Today in utter lack of surprises: The House committee investigating the Donald Trump-incited riot at the Capitol on Jan. 6 dug up texts showing Fox News stars and at least one of Trump’s interminable sons sent panicked texts urging Trump to call the whole thing off—then promptly went back to pretending Trump did nothing wrong.
As reported by the Daily Beast, on Monday night the committee revealed text messages from three different Fox News hosts and weasel spawnling Donald Trump Jr. to White House Chief of Staff Mark Meadows, practically begging him to get Trump to intervene. The ex-president, of course, barely lifted a finger to stop the rioting until it was nearly over and even then issued only a weak statement in which he called the participants “very special.” Afterward, everyone involved in the texts started floating various theories about why Trump wasn’t responsible.
“He’s got to condemn this shit ASAP. The Capitol Police tweet is not enough,” Jr. wrote to Meadows, referring to a tweet in which Trump had suggested everyone in DC just respect the police.
Meadows replied, “I’m pushing it hard. I agree.”
“We need an Oval Office address,” Jr. added. “He has to lead now. It has gone too far and gotten out of hand.” This was apparently not the end of it, with Rep. Liz Cheney (one of just two Republican members on the commission) stating Jr. texted Meadows “again and again.”
In separate messages to Meadows, three of Fox News’s most preeminent MAGA stans begged for Trump to just stop. Sean Hannity texted Meadows, “Can he make a statement. Ask people to leave the Capitol”. Laura Ingraham wrote, “Mark, the president needs to tell people in the Capitol to go home. This is hurting all of us. He is destroying his legacy.”
Brian Kilmeade, one of the hosts of incessant Fox a.m. show Fox & Friends, wrote, “Please, get him on TV. Destroying everything you have accomplished.”
The Daily Beast noted that the first two hosts subsequently went on air and acted as though the mob of MAGA hat-wearing conspiracy theorists and far-right whackos might have actually been infiltrated by radical leftists (anti-fascists, or antifa) who triggered the violence.

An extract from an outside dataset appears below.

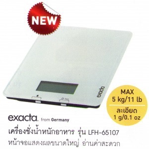 เครื่องชั่งอาหาร ดิจิตอล exacta by SOEHNLE 5กก. รุ่น LFH-65107 ราคาปกติ 1,850.- ราคาพิเศษ 1,200.- เครื่องชั่งอาหาร ดิจิตอล exacta by SOEHNLE 5กก. รุ่น LFH-65107 ชั่งน้ำหนักของส่วนผสมได้ถูกต้องแม่นยำ ชั่งอาหารได้สูงสุด 5 กก. แสดงน้ำหนักเป็นตัวเลขดิจิตอล แสดงค่าที่เปลี่ยนอย่างละเอียดทุกๆ 1 กรัม

Ingraham said on air that “We knew this would happen ... when you have members of the Trump support organizations and antifa threatening to show up at the same time,” adding there was a “big split” among “MAGA groups that have come to peacefully protest with whoever is behind this intrusion in the Capitol.” On his radio show, Hannity agreed with a caller that antifa was probably to blame and might be wearing pro-Trump disguises. Kilmeade was ever so slightly more honest, laying the groundwork to claim that the president’s supporters might have just been rightfully agitated.
“I think this is a culmination of four years of them denying that their president won the election, claiming that the Russians flipped votes, this is four years of investigation, four years of a very frustrated electorate, 75 million that voted,” Kilmeade said on air. “They feel that they have not had their day in court, let alone lost in court.”
Jr. may have been more concerned that the riot wasn’t effective at keeping his dad in office, as at the rally preceding the violence, he threatened Republican lawmakers with retribution if they didn’t stall the certification of Biden’s victory. He subsequently floated the idea of antifa involvement and said federal authorities may have known the violence was coming and deliberately failed to stop it (which is sort of true, but not at all in the way he’s implying).
Meadows received subpoenas from the Jan. 6 committee for materials concerning the riot and turned over some 9,000 pages of documents before suddenly refusing to cooperate any further, abruptly claiming that the material was covered by executive privilege rather than, say, its handover to the committee having seriously pissed off his ex-boss. According to the New York Times, the committee unanimously voted to recommend the rest of the House vote to hold Meadows in criminal contempt of Congress. That would either allow the sergeant-at-arms of the House to arrest him and drag him before the committee for punishment (usually jail time) or for the speaker of the House to refer the matter to a U.S. attorney for prosecution (also potential jail time).
Contempt charges are more intended to coerce cooperation out of congressional witnesses than they carry serious criminal penalties, but as a high-profile indictment of the person in question by the nation’s governing body, they are at the very least supposed to be somewhat embarrassing. Cadaverous former White House chief strategist Steve Bannon is awaiting his own trial for criminal contempt after a full vote by the House, and the committee is all but certain on Wednesday to vote to recommend the House hold ex-Justice Department staffer Jeffrey Clark in contempt.
Meadows’s lawyer, George J. Terwilliger III, insisted to the Times that his client had never stopped cooperating but is merely holding out for courts to confirm that the material isn’t protected by executive privilege. The committee’s stance is that even if the communications were protected, they should have been submitted to the National Archives under federal record-keeping laws.
An aide for Trump Jr. declined to talk to the Daily Beast on the matter. Fox News didn’t return the Daily Beast or Gizmodo’s request for comment, but we’ll update in the unlikely event we hear back.